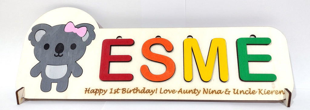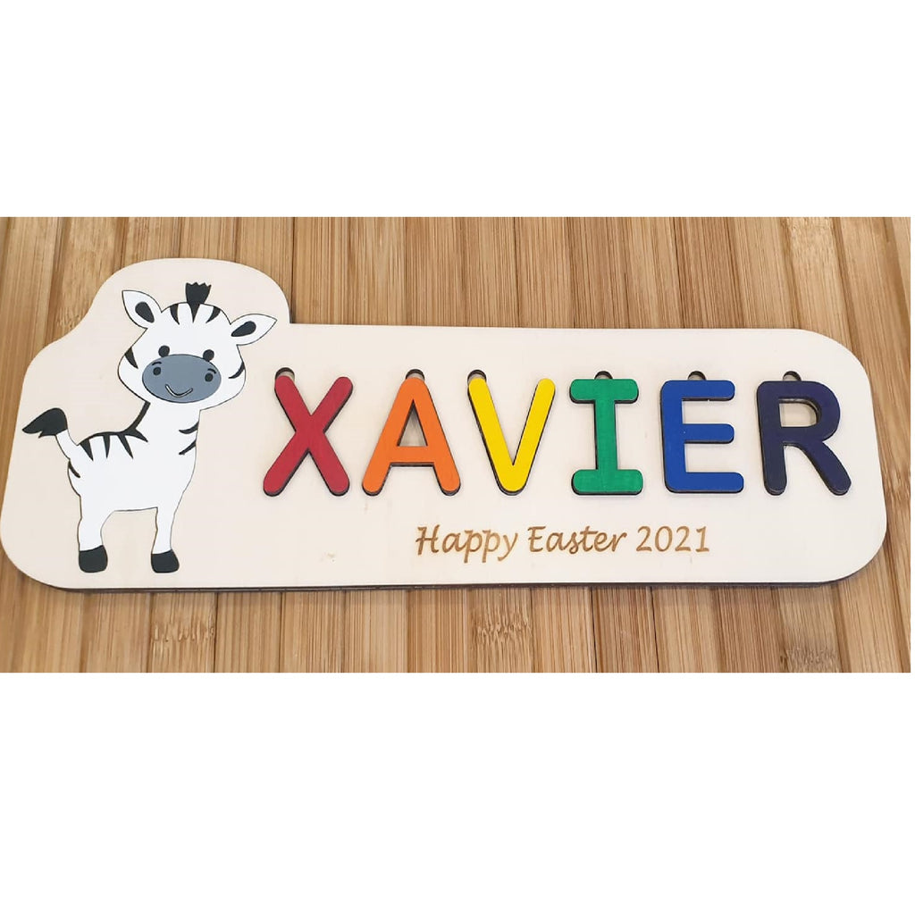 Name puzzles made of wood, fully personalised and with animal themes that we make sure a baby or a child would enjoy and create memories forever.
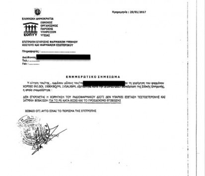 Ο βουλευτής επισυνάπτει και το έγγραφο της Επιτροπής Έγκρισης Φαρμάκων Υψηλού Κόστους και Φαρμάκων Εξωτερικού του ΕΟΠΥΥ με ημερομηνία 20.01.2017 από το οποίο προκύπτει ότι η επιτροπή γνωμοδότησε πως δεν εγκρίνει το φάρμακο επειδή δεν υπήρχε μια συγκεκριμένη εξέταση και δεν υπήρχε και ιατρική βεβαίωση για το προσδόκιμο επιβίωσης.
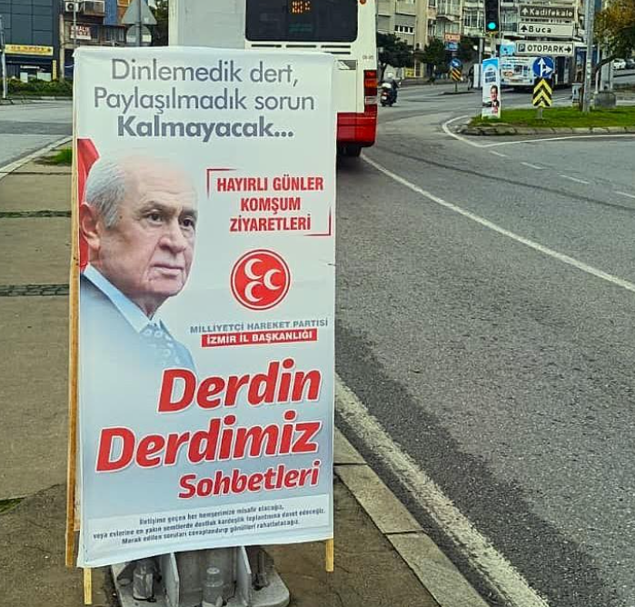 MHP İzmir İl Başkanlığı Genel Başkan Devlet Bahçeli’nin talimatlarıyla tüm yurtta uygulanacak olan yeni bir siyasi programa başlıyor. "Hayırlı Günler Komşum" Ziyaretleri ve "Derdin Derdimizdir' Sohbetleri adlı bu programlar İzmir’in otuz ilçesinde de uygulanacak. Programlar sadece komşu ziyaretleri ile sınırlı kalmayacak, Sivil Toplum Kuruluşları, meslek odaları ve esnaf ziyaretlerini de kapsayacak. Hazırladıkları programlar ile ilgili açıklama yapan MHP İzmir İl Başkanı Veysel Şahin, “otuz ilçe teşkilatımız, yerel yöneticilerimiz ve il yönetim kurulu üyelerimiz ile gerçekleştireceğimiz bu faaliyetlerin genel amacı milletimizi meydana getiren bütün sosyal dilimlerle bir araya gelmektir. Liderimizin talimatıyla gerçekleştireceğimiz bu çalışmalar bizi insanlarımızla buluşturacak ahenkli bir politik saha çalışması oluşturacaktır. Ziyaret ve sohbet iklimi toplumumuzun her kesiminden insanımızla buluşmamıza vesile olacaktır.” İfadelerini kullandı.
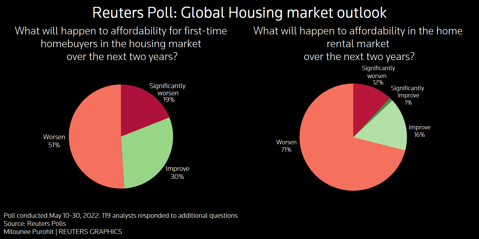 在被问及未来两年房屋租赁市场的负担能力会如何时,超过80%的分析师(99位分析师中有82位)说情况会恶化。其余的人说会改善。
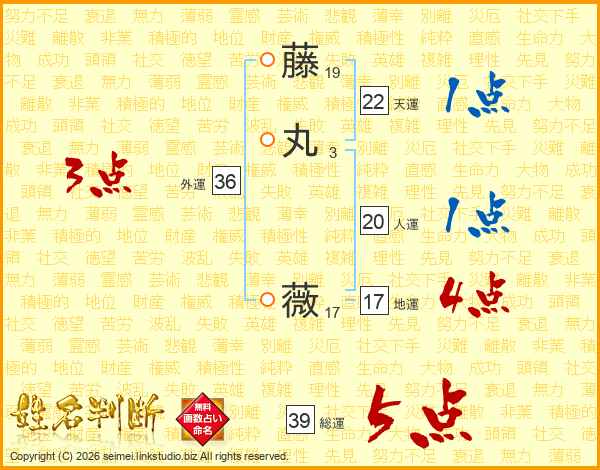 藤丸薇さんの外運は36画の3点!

:::

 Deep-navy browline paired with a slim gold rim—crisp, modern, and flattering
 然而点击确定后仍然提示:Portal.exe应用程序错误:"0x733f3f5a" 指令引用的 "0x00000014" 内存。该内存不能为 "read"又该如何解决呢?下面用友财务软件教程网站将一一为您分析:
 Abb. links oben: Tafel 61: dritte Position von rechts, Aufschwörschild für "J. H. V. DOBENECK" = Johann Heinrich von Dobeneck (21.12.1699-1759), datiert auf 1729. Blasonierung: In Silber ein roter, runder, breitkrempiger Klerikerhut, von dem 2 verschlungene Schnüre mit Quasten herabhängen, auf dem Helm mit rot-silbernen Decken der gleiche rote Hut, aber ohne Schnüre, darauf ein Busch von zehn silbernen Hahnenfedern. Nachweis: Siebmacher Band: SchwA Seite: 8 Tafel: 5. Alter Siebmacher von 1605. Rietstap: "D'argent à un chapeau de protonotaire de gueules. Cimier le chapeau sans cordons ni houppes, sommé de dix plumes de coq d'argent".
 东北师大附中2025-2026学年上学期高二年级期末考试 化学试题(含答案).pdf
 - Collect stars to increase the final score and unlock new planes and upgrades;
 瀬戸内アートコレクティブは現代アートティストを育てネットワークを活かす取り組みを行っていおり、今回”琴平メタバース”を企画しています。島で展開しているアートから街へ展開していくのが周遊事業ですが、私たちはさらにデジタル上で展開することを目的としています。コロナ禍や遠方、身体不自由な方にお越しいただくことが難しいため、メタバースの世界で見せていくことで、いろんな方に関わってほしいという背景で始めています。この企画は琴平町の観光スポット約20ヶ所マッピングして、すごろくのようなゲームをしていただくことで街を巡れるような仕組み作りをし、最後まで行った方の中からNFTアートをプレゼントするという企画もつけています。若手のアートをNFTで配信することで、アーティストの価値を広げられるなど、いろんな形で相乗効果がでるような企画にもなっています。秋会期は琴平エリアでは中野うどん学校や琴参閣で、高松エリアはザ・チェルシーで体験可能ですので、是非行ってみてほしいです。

:::

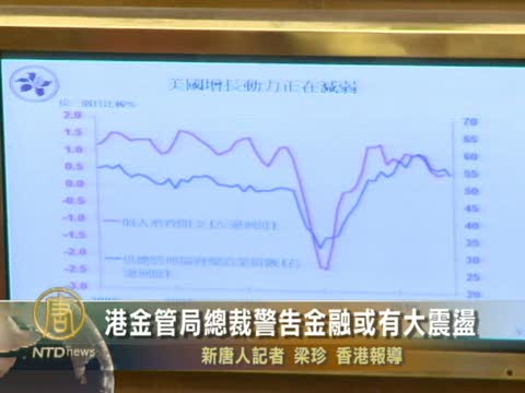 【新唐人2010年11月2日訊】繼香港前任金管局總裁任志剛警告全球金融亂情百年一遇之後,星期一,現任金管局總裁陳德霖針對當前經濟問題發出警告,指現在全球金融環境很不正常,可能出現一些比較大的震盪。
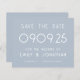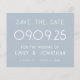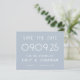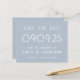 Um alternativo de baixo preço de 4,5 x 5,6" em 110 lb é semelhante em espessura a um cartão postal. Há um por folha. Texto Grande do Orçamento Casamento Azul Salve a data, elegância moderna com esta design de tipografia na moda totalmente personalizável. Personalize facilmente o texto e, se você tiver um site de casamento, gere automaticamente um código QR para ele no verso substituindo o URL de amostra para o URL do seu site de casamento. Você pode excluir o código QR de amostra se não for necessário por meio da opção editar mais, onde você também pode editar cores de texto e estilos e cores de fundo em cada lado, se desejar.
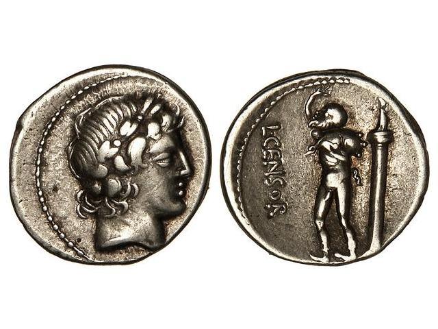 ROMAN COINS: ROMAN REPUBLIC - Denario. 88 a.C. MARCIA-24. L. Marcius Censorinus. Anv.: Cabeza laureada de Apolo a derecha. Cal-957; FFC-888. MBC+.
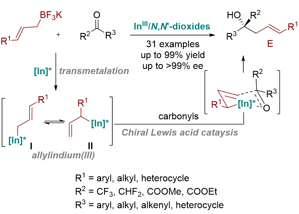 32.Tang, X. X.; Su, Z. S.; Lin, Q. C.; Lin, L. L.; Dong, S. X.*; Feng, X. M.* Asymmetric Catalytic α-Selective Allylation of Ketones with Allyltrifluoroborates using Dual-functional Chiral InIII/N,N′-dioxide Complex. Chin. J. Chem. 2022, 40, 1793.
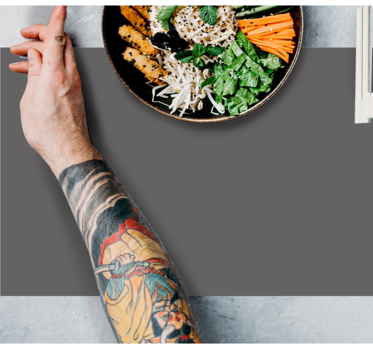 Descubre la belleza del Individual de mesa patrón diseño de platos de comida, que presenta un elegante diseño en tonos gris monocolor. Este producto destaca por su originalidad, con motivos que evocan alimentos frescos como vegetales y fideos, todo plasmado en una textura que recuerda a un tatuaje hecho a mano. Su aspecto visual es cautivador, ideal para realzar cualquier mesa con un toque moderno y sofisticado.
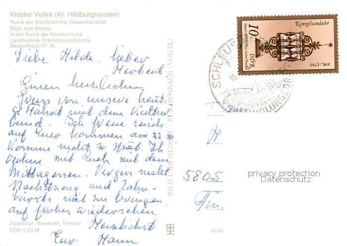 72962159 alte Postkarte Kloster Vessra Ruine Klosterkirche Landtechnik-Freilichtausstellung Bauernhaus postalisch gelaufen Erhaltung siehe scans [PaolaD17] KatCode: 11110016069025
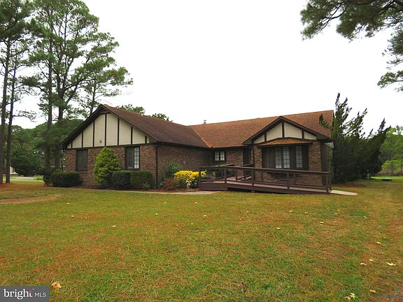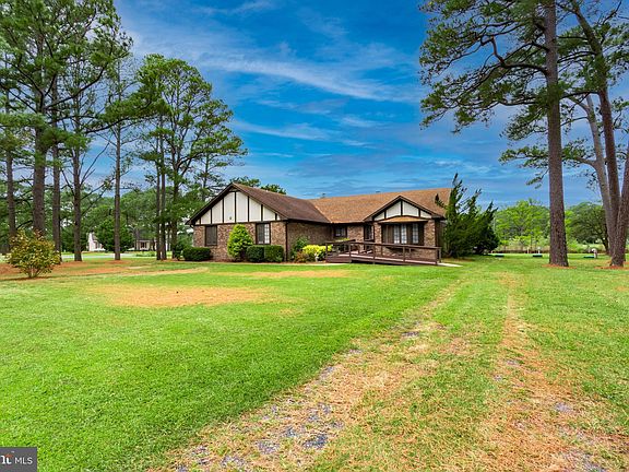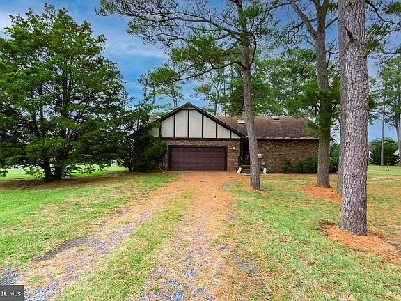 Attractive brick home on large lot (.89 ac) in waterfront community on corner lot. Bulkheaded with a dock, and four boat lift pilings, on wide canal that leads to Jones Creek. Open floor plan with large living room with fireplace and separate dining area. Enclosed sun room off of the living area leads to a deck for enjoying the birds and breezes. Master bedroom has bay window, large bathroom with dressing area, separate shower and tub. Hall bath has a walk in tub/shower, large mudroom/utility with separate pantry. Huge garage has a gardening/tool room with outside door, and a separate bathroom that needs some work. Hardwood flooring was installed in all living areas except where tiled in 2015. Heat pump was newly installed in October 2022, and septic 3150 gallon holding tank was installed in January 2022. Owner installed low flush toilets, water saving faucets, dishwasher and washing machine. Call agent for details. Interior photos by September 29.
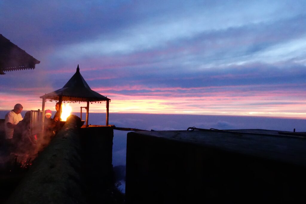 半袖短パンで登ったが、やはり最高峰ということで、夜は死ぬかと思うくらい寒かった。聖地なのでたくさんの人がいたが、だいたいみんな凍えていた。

:::

REQUIREMENT> Taking the listing above as the source, transcribe only the lines starting at the line with "东北师大附中2025-202" and going through the line with "- Collect stars", unaltered and with both ends included.

ANSWER FOR THIS EXERCISE>
 东北师大附中2025-2026学年上学期高二年级期末考试 化学试题(含答案).pdf
 - Collect stars to increase the final score and unlock new planes and upgrades;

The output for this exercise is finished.